It depends on the type of lake and its assumed age of formation because based on these facts you can decide which sort of in-situ / authigenic minerals you might expect and use as age-dating target.
For perennial lakes which normally have a reducing environment you can use the radiocarbon dating method for C-bearing organic matter and carbonate minerals, if the sedimentary units cover the Holocene and Late Pleistocene, with OSL (optically stimulated luminescence) you can extent the dating to the Plio-Pleistocene border using quartz and feldspar. Here you have a chance to get an overlap with U-bearing minerals using the U/Pb dating of uranyl-bearing phosphates and hydro-silicates or the U equilibrium method (800 ka). K/Ar and Ar/Ar can be used for mica but too often they are detrital in origin and less meaningful.
Ephemeral lakes may in addition to the afore-mentioned minerals may also host sylvite and “bittern” (langbeinite, kainite) and, in places, K-bearing zeolites (clinoptilite-K, heulandite-K, phillipsite-K, chabazite-K)

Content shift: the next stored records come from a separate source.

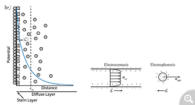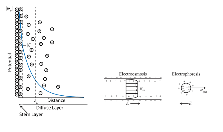 Many substances develop an electrical charge when in contact with an aqueous solution. This charged surface and the resulting charge distribution in the solution is known as the electrical double layer (EDL). DC electric fields exert coulombic forces on the EDL and can result in particle translation (electrophoresis) or bulk liquid motion (electroosmosis).
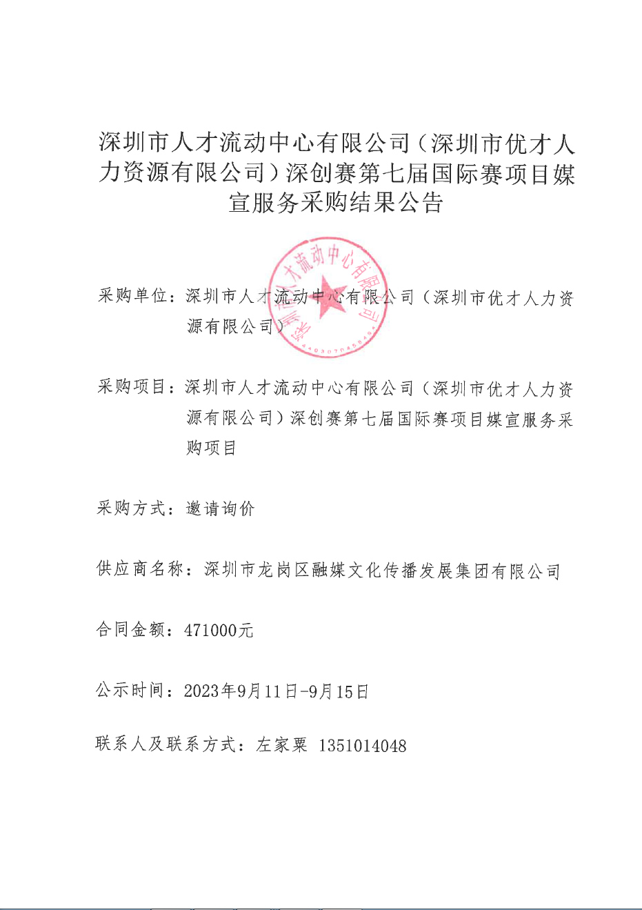 深圳市人才流动中心有限公司(深圳市优才人力资源有限公司)深创赛第七届国际赛项目媒宣服务采购结果公告
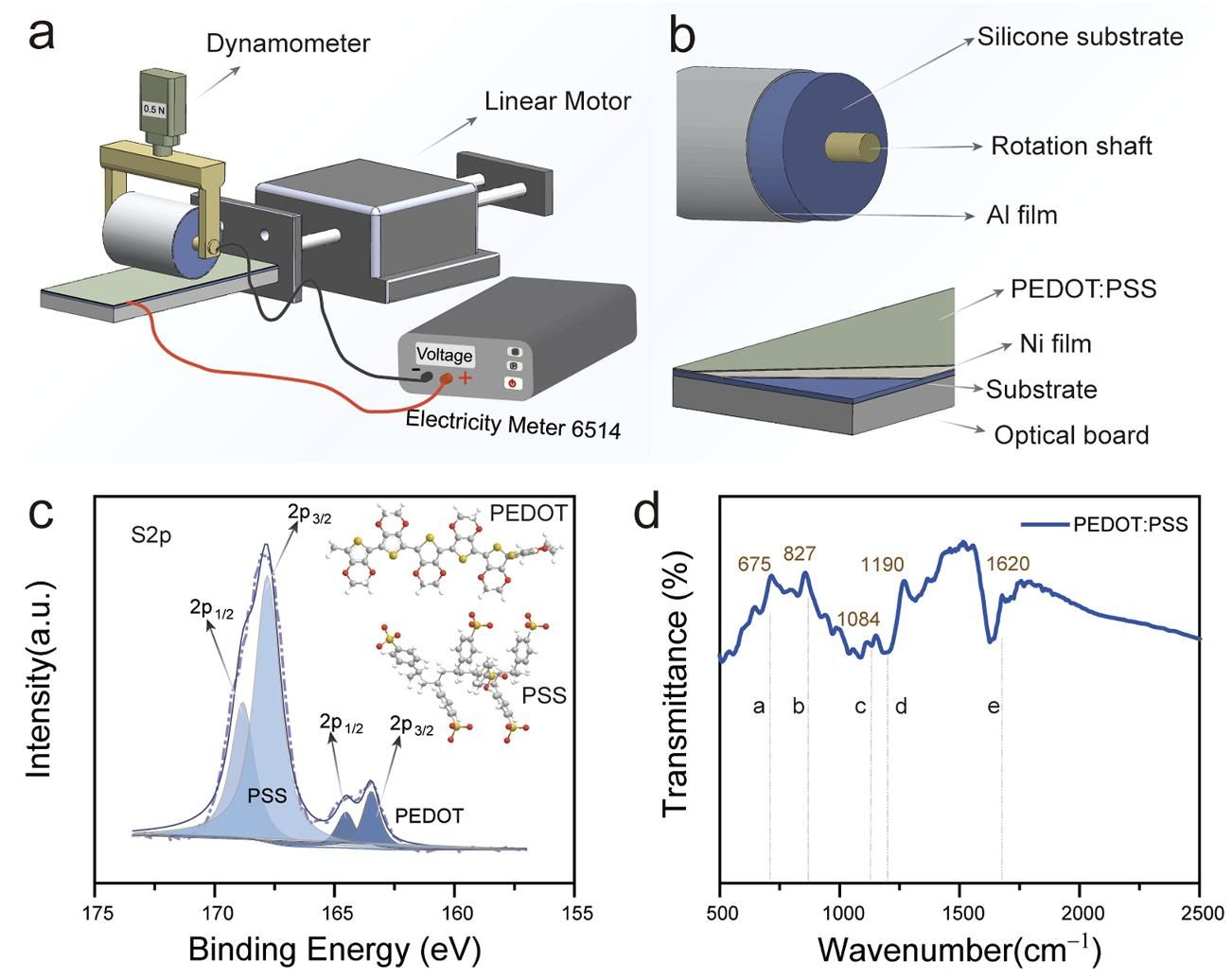 摩擦伏特效应是一种全新的力电耦合物理效应,产生在滑动的半导体界面(包括金属/半导体、半导体/半导体、液体/半导体的界面处)。其低电压、高电流密度和直流的电学输出特性受到了研究者的广泛关注。然而,摩擦伏特效应纳米发电机存在两个重要的问题:电流密度随着器件的尺寸增加而急剧下降;器件阵列化时由于半导体的导电特性在运动相位不匹配和磨损时将产生额外的能量损耗。研究团队构建了以硅胶为衬底的柔性铝转子,利用硅胶杨氏模量低的特点,减小了界面非接触区域,并构建了滚动模式的摩擦伏特效应纳米发电机,获得了高电流密度和高耐磨性。进一步,探索了阵列化中存在的能量损耗,并构建了相应的管理电路策略。
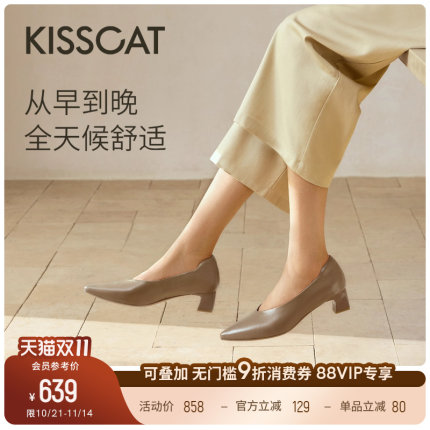 KISSCAT接吻猫[CAT猫掌奶奶鞋]尖头单鞋裸色高跟鞋气质真皮不累脚
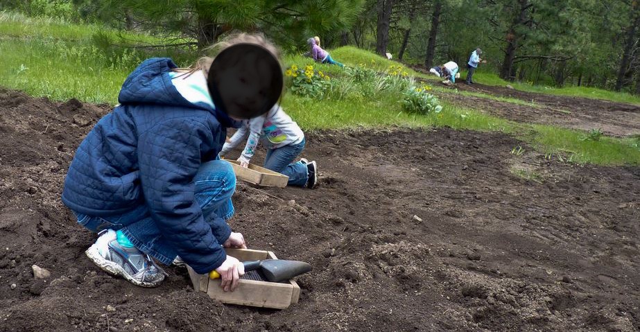 The engineer's daughter playing with rocks.
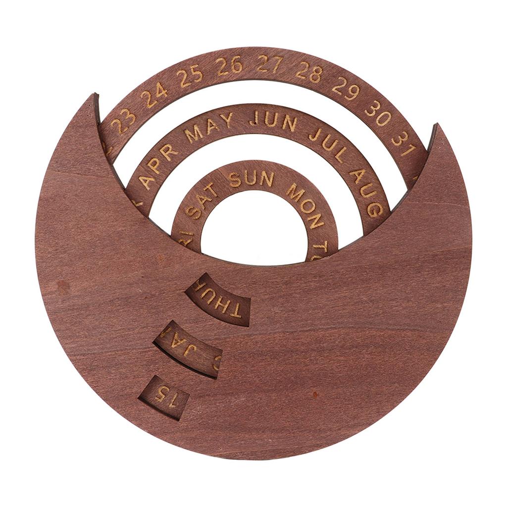 Wooden Disc Calendar Dark Brown Rotatable Disc Natural Wood Vintage Style Wooden Perpetual Calendar — buy online with free worldwide shipping!
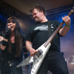 Als nächstes durften sich die PortugiesInnen THE UNHOLY beweisen. Ohne offizielle Veröffentlichung und nur mit einem Demo im Rücken ist es nicht alltäglich an zweiter Position auf einem renommierten Festival spielen zu dürfen. Aber THE UNHOLY erwiesen sich der Vorschusslorbeeren durchaus als würdig. Ihr klassischer, vom US Stahl der 80er beeinflusster Heavy Metal kam tight und fett von der Bühne. Man spürte besonders bei Sängerin Sara Steel die Freude und den Enthusiasmus am Auftritt vor den 2000 positiv Verrückten. Die sie begleitenden Herren hielten sich allerdings noch vornehm zurück und dürfen bei zukünftigen Auftritten gerne etwas mehr aus sich heraus kommen. Das sehr geschmackvolle RUFFIANS Cover „Run For Your Life“ setzte einem guten Auftritt dann die Krone auf. Sehr schön. Jetzt darf auch ruhig mal ein Album kommen.
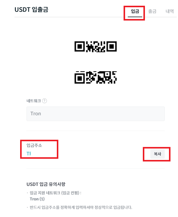 1. 빗썸 입. 출금에서 테더 입금을 누르시고 내 입금 주소 복사
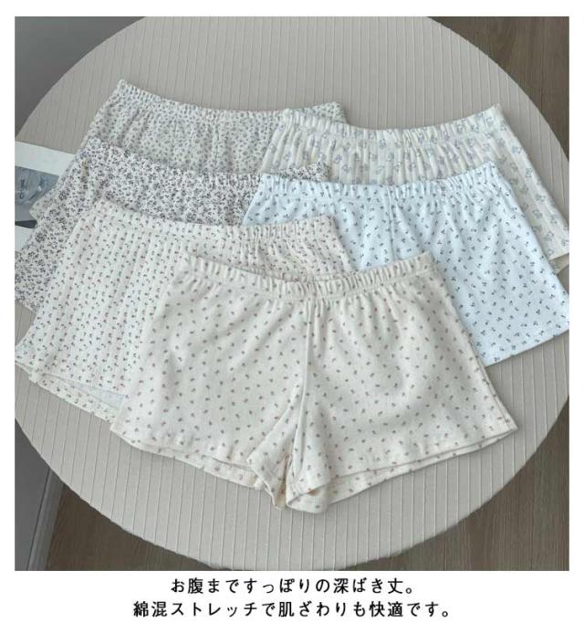 かわいい ストレッチ トランクス 綿混 くつろぎ フリーサイズ ショーツ 花柄 総柄 ルームウェア ボトムス ショーツ 女性 下着 レディース コットン
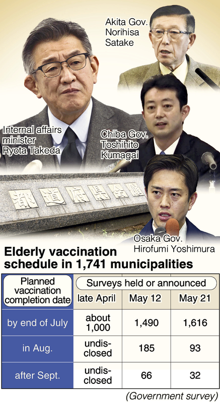 "Look, we [in the government] also want to wrap up [this stage of] vaccinations by the end of July," said Osaka Gov. Hirofumi Yoshimura. "We just have to keep plowing ahead and do what we can."
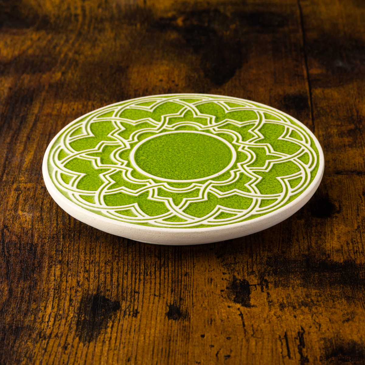 Ceramiczna okrągła podstawka z geometrycznym, lekko wypukłym ornamentem. Ręcznie wykonana z ciemnej gliny i ręcznie szkliwiona. Zastosowanie jako talerzyk pod kubek, filiżankę, świece, pod gorące naczynie itp.
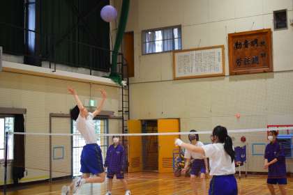 教育実習生が保健体育の研究授業を行いました。種目はバレーボール!3段攻撃がうまくできるように、班で協力してプレーしました。
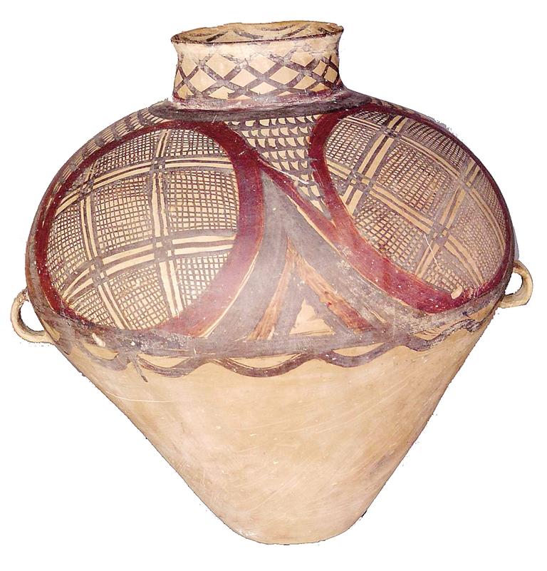 姓名:馬家窯文化半山類型四大圓圈雙耳彩陶罐 出生年代:距今約4650—4350年左右 住址:永靖縣博物館 體型:高46.6厘米,口徑15.6厘米,底徑12.2厘米 自我描述: 我是半山類型中的精品,屬于國家一級文物。泥質(zhì)紅陶,口沿微侈,直粗頸,闊肩,鼓腹,平底,腹有對稱雙耳,施黑紅彩,內(nèi)口飾水波紋六組,外口飾網(wǎng)紋,肩腹飾四大圓圈旋渦紋,間飾弧線鋸齒紋,腹中部飾寬帶紋,水波紋各一條,器型個(gè)體較大,胎體光滑,紋飾精致,色彩鮮艷。
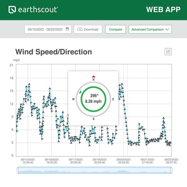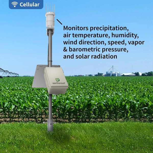 Monitor the precipitation, wind speed, wind direction, air temperature, humidity and 6 other weather variables in any field, anywhere, anytime. Easy to install, WeatherCub 1 Cellular uses IOT smart farming technology to send hourly weather data to the EarthScout app on your phone or laptop. WeatherCub 1 Cellular is commercial grade, has no moving parts and requires no maintenance. Includes a tilt sensor to ensure the weather station remains plumb. Designed for continuous deployment in harsh climates with extreme cold and heat, a redundant battery and solar panel ensures reliable service year-round, regardless of climate. Includes 6ft. pole with weather sensor array, solar panel, 12V battery with enclosure and mounting bracket, GPS, and ground screw. Includes 5 Years of No Cellular Fees, then only $24.99/month.
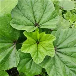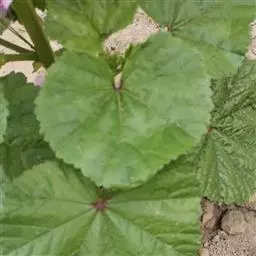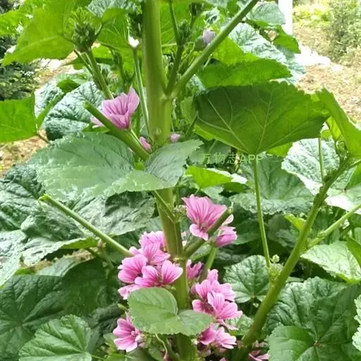 锦葵是二年生或多年生直立草本植物,高50-90厘米,分枝多,疏被粗毛。叶圆心形或肾形,具5-7圆齿状钝裂片,长5-12厘米,宽几相等,基部近心形至圆形,边缘具圆锯齿,两面均无毛或仅脉上疏被短糙伏毛;叶柄长4-8厘米,近无毛,但上面槽内被长硬毛;托叶偏斜,卵形,具锯齿,先端渐尖。
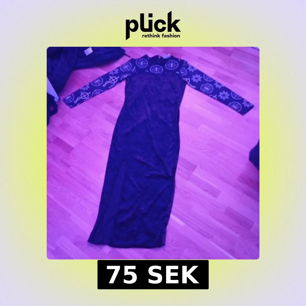 Svart långklänning med sammetsliknande tyg och långa meshärmar med vita mystiska symboler. Klänningen har en slits framtill och figurnära passform. Ärmarna är transparenta och dekorerade med stjärnor och cirklar för en edgy look.

If you know that the sedimentary age of the lake is on the Centennial scale, Pb-210 is recommended. If the sedimentary age of the lake is less than 100 years, Ce-137 is recommended. If the sedimentary age of the lake is tens of thousands of years, C-14 is recommended.
It all depends on the compositional variation of the sediments and their most expected age as per the literature of its surrounding areas because lakes have transported sediments. I really appreciate Prof Harald G. Dill for giving a very extensive and precise answer.